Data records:
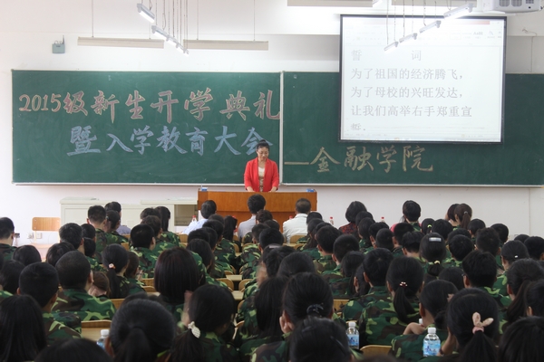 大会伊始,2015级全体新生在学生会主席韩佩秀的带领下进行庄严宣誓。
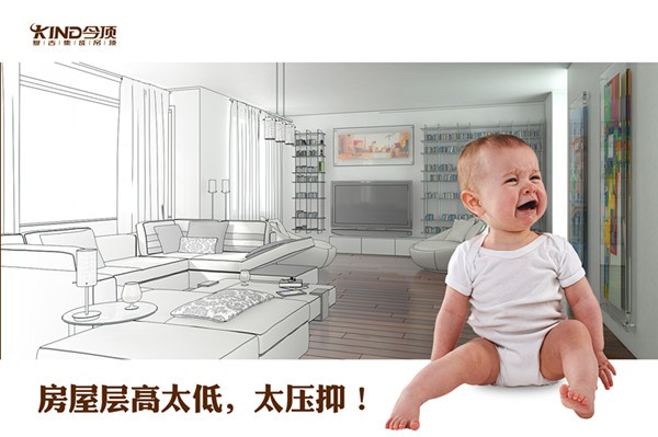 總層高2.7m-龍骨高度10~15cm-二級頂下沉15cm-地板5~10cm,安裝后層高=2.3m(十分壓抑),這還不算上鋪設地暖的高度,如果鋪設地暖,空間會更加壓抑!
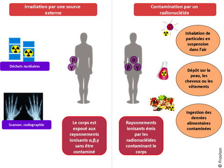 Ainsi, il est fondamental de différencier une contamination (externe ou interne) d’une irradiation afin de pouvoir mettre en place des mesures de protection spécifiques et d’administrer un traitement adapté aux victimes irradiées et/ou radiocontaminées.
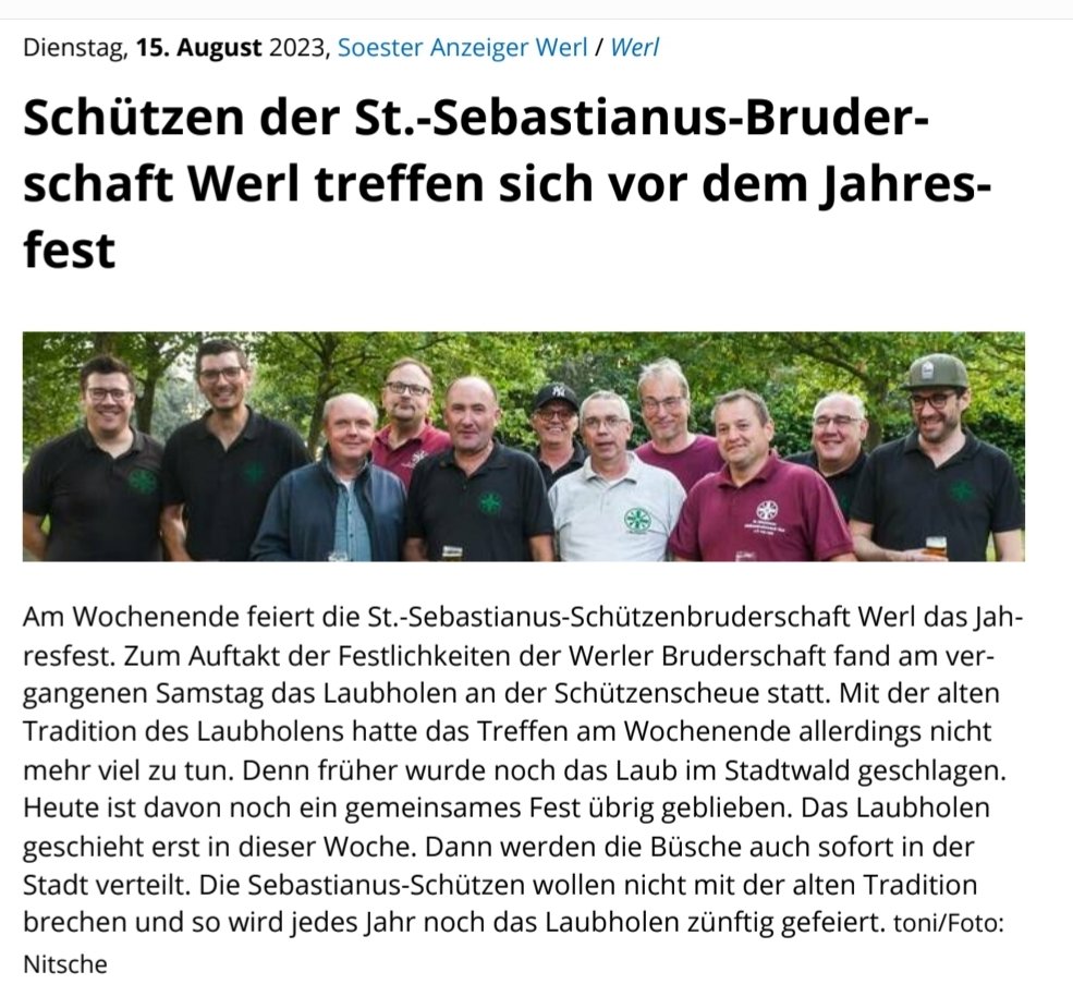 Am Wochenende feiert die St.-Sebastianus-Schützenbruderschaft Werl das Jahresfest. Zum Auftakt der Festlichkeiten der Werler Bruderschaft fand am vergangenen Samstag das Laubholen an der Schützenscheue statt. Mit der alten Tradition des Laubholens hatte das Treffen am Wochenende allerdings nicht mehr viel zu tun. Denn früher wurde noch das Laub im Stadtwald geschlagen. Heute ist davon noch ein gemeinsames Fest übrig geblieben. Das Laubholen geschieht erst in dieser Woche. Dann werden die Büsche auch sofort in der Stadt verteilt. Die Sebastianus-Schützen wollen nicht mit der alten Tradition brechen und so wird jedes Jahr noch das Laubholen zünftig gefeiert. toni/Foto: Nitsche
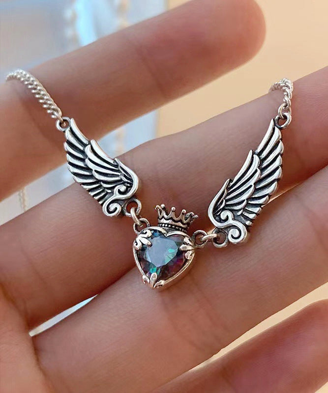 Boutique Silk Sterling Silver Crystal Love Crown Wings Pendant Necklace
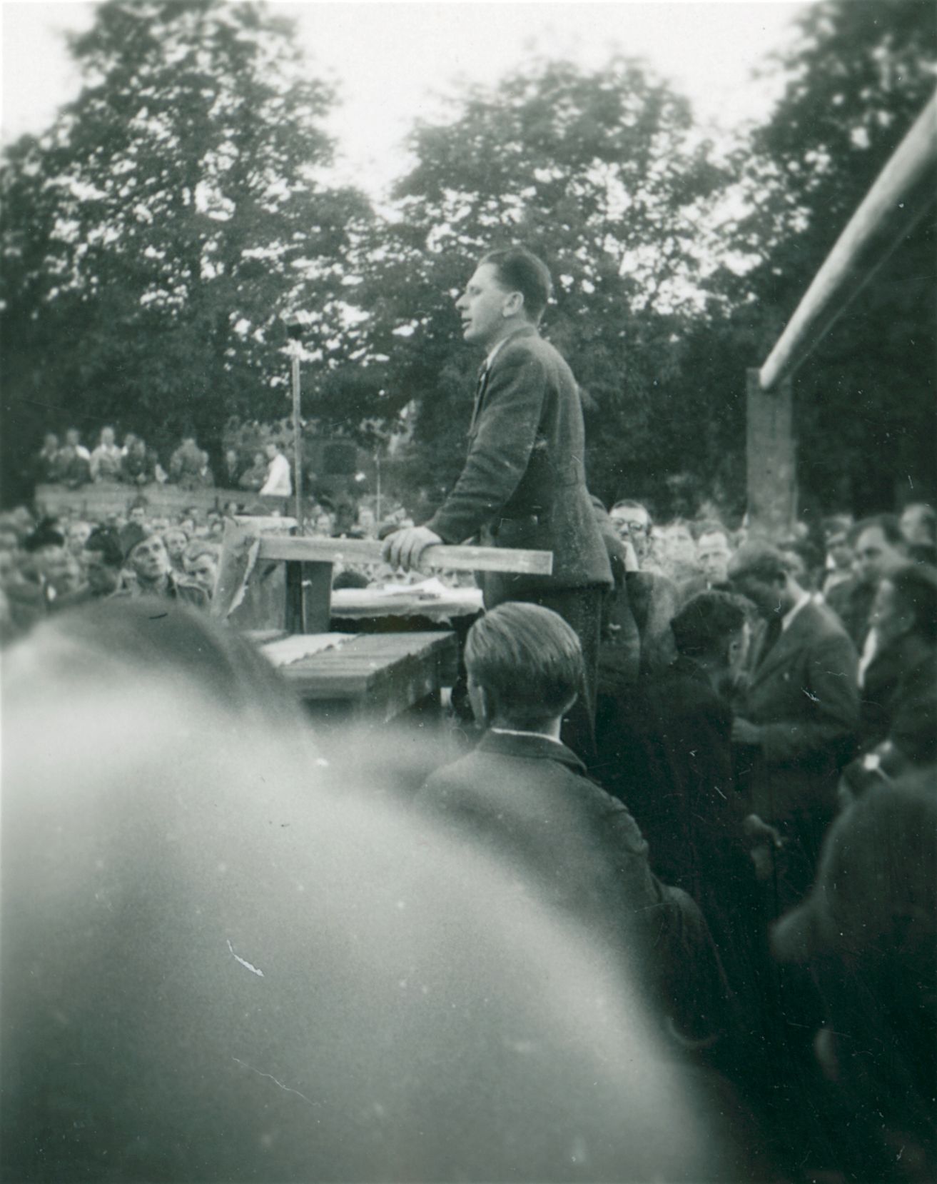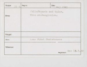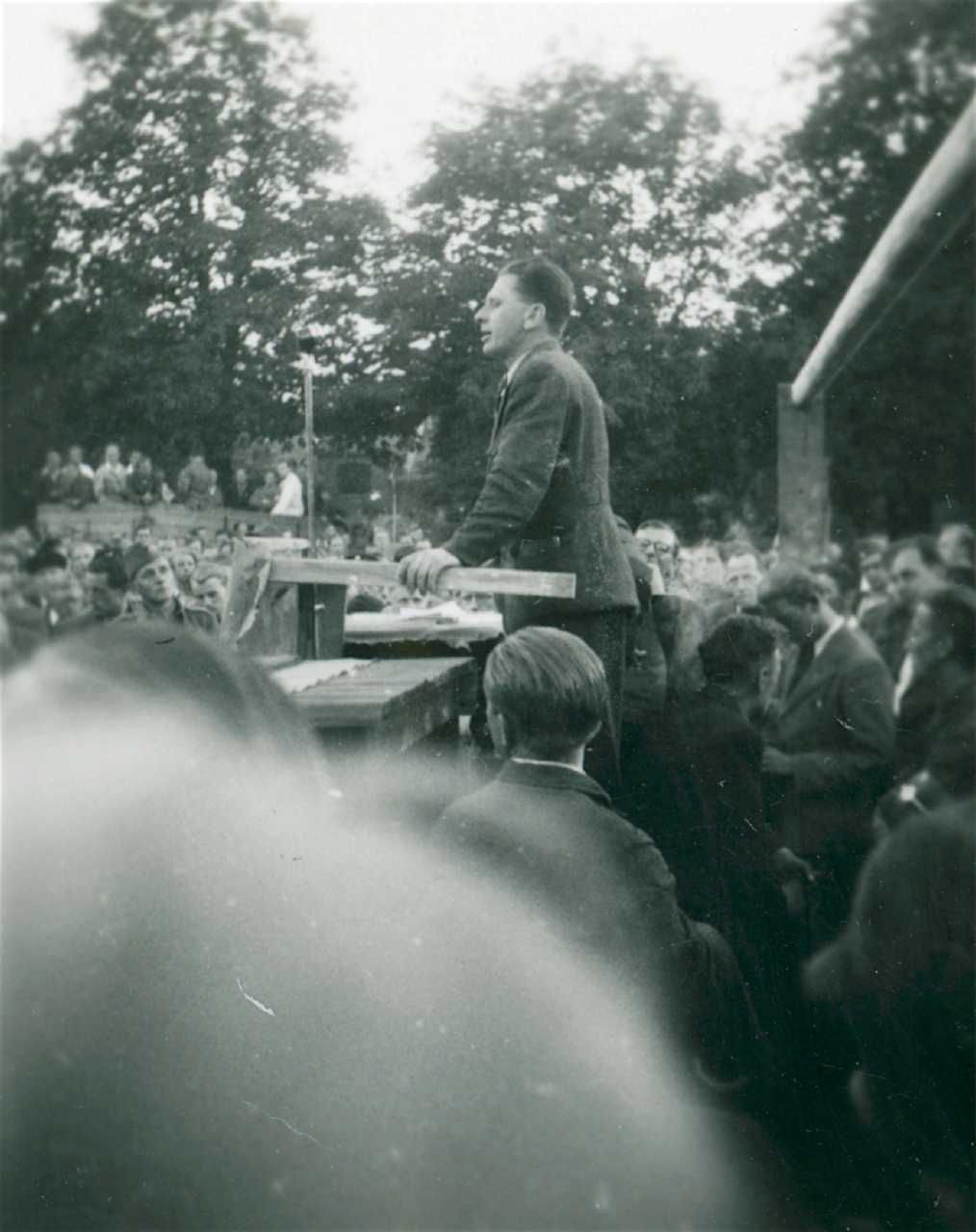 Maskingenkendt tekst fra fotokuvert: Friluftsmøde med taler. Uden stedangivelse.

==

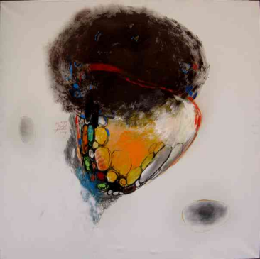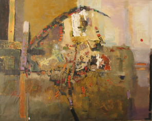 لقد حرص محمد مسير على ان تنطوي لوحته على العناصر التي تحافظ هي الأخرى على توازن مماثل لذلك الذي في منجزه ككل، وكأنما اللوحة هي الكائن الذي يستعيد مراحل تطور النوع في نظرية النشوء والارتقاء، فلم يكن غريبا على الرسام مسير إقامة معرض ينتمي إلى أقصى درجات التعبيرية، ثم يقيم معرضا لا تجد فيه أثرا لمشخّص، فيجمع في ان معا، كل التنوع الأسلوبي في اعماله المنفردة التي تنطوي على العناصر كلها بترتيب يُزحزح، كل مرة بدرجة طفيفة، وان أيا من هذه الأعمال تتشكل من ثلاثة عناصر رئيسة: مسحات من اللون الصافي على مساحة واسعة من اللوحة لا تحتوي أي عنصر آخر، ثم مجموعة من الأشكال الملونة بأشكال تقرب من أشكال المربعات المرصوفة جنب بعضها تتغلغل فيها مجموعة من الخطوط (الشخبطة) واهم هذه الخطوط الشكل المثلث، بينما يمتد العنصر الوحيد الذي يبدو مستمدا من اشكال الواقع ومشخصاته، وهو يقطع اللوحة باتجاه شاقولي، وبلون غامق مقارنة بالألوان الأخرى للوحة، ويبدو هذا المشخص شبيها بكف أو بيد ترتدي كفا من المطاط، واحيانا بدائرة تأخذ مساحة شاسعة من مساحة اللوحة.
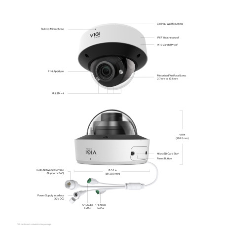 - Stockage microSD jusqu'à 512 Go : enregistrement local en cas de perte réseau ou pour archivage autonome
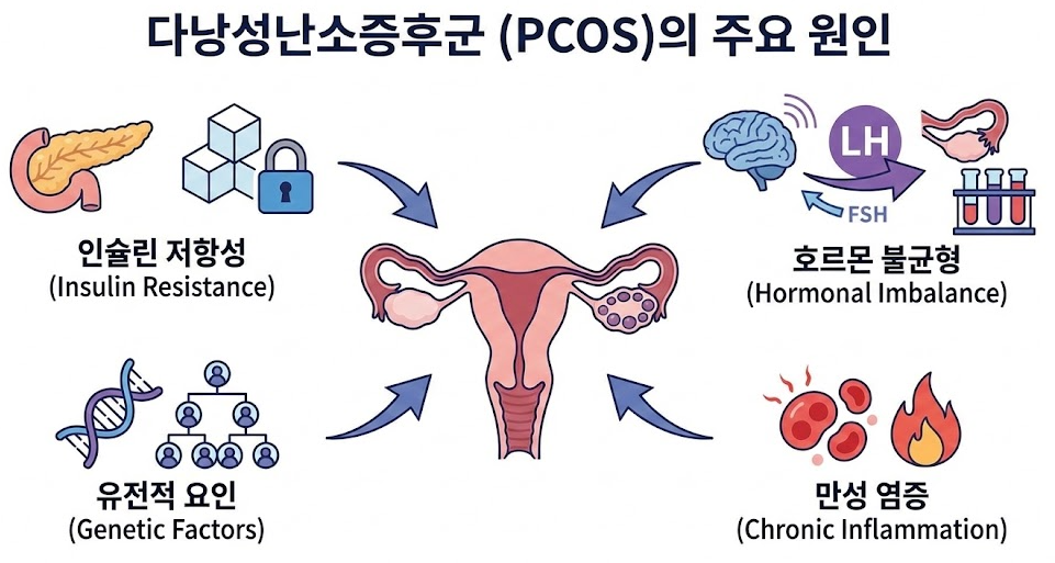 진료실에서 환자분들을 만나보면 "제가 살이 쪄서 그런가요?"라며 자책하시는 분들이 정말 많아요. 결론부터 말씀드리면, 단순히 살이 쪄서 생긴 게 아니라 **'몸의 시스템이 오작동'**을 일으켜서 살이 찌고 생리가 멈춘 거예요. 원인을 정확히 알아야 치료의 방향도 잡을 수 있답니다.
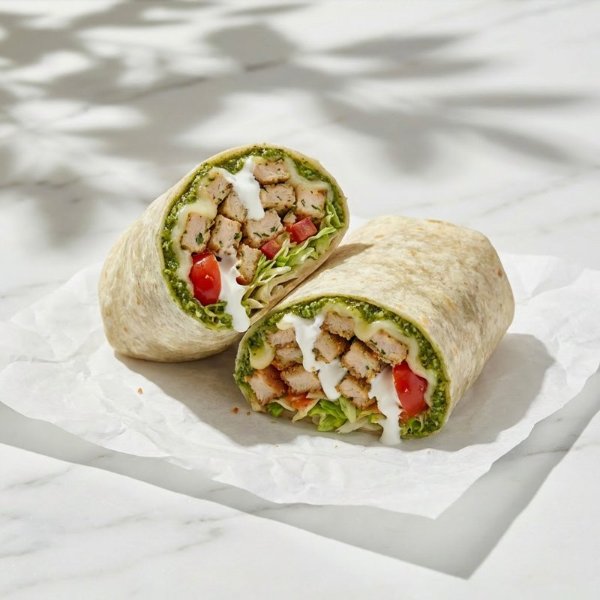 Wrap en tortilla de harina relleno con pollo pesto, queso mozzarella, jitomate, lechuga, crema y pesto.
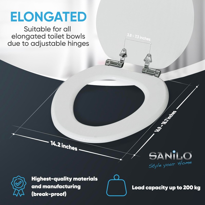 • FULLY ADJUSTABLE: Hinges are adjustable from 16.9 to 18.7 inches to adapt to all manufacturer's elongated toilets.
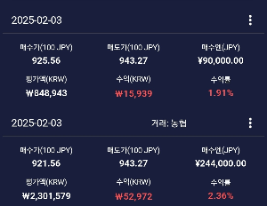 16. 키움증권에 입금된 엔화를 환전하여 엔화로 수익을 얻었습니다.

**TASK DIRECTIONS:** From the records above, write out exactly the lines that begin at the line with "manufacturer's elongated toilets." and end at the line with "16. 키움증권에 입금된 엔화를 환전하여 엔화로 수익을 얻었습니다.". Pictures must not appear in the output.

**PROBLEM SOLUTION:**
 • FULLY ADJUSTABLE: Hinges are adjustable from 16.9 to 18.7 inches to adapt to all manufacturer's elongated toilets.
 16. 키움증권에 입금된 엔화를 환전하여 엔화로 수익을 얻었습니다.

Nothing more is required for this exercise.